The outcome is adjusted for the covariates by using the residuals e_y in further analysis (Aadland et al., 2019).

Alternatively, the explanatory variables can be adjusted for the covariates. For each explanatory variable x_i, one calculates

$${\mathbf{x}}_{{\text{i}}} = {\mathbf{Zb}}_{{{\text{Z}},{\text{xi}}}} + {\mathbf{e}}_{{{\text{x}},{\text{i}}}} \left\{ {{\text{i}} = {1},{ 2}, \, \ldots ,{\text{M}}} \right\}$$

(1b)

and the residuals e_x,i are used as explanatory variables in subsequent analyses.

Traditionally, MLR is used to calculate the regression vectors from Eqs. (1a) and (1b) needed to adjust either the outcome, the explanatory variables or both for covariates.

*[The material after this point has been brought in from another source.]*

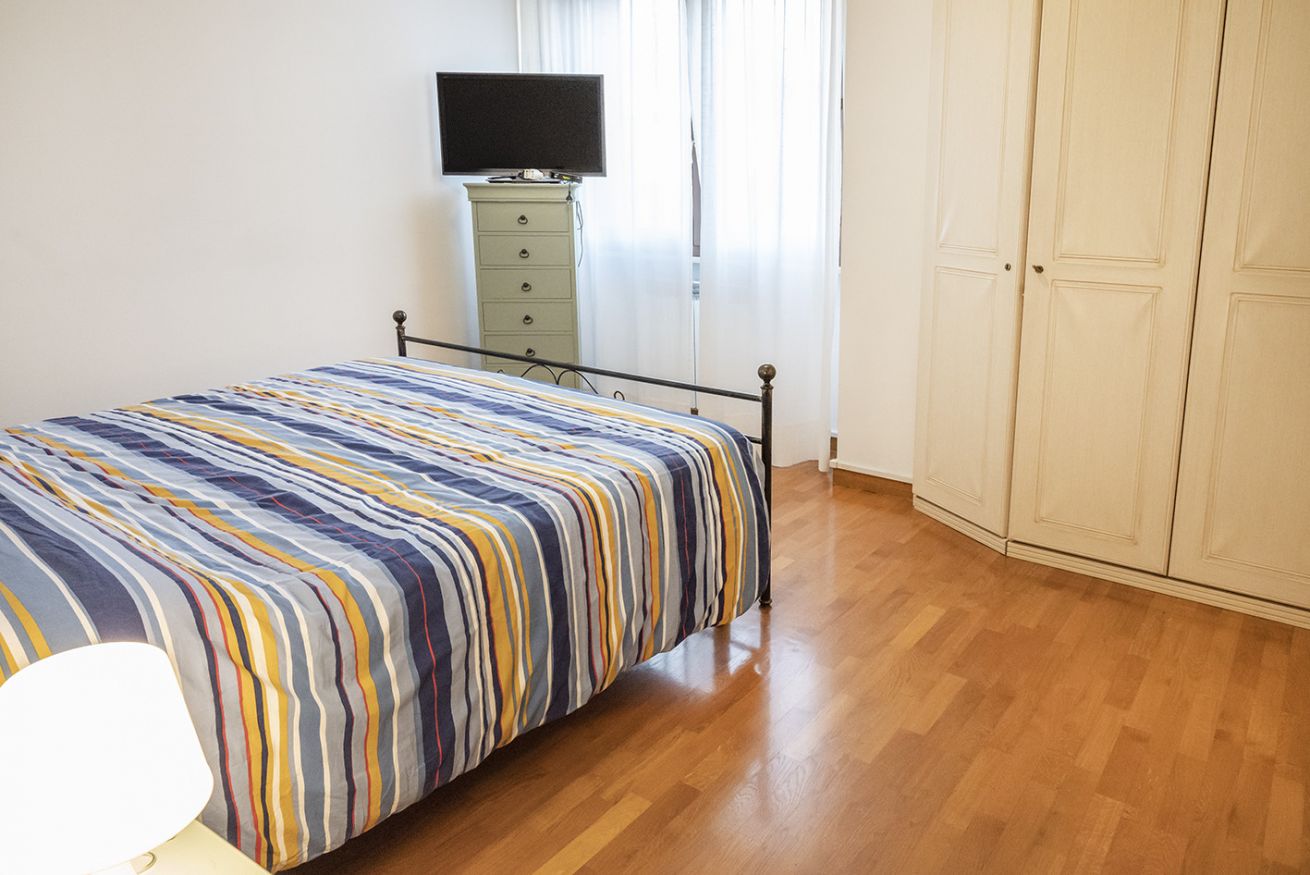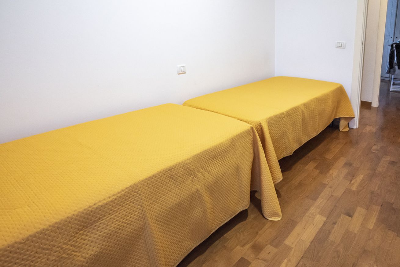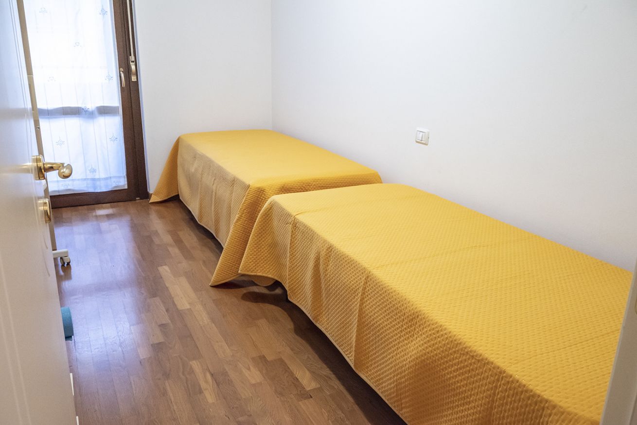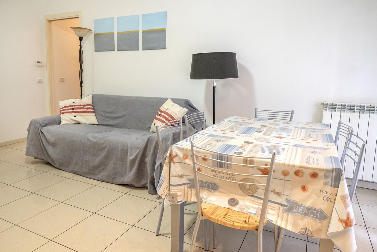 Descrizione: nuovo ed accogliente trilocale sito al primo piano con ascensore. Ingresso su luminoso soggiorno con divano-letto matrimoniale e tavolo da pranzo, cucina attrezzata con lavastoviglie, camera con letto matrimoniale, seconda camera con due letti singoli, bagno completo con box doccia e lavatrice.

If the covariates possess linear dependency, the calculation of a Moore–Penrose inverse (Rao & Mitra, 1971) represents a solution to relate the covariates to the outcome or the explanatory variables:

$${\mathbf{b}}_{{{\text{Z}},{\text{y}}}} = {\mathbf{Z}}^{ - } {\mathbf{y}}$$

(2a)

$${\mathbf{B}}_{{{\text{Z}},{\text{X}}}} = {\mathbf{Z}}^{ - } {\mathbf{X}}$$

(2b)

Superscript—implies the Moore–Penrose inverse, i.e. Z⁻ = (Z^TZ)⁻¹Z^T. As shown by Rajalahti et al., (2021a, 2021b), PCA can be used for handling the situation posed by linear dependent covariates but other projection methods such as partial least (PLS) are available. We will now explore some of the possibilities.

By using a general projection algorithm (Kvalheim, 1987; Rajalahti & Kvalheim, 2011), it is possible to eliminate the influence of covariates on both the outcome y and the explanatory variables X simultaneously. For didactic reasons, we first consider the trivial case for a single covariate z. Collect the column-centred vectors z and y for the covariate and the outcome, respectively, and the column-centred matrix X in the augmented matrix X_aug = [z y X].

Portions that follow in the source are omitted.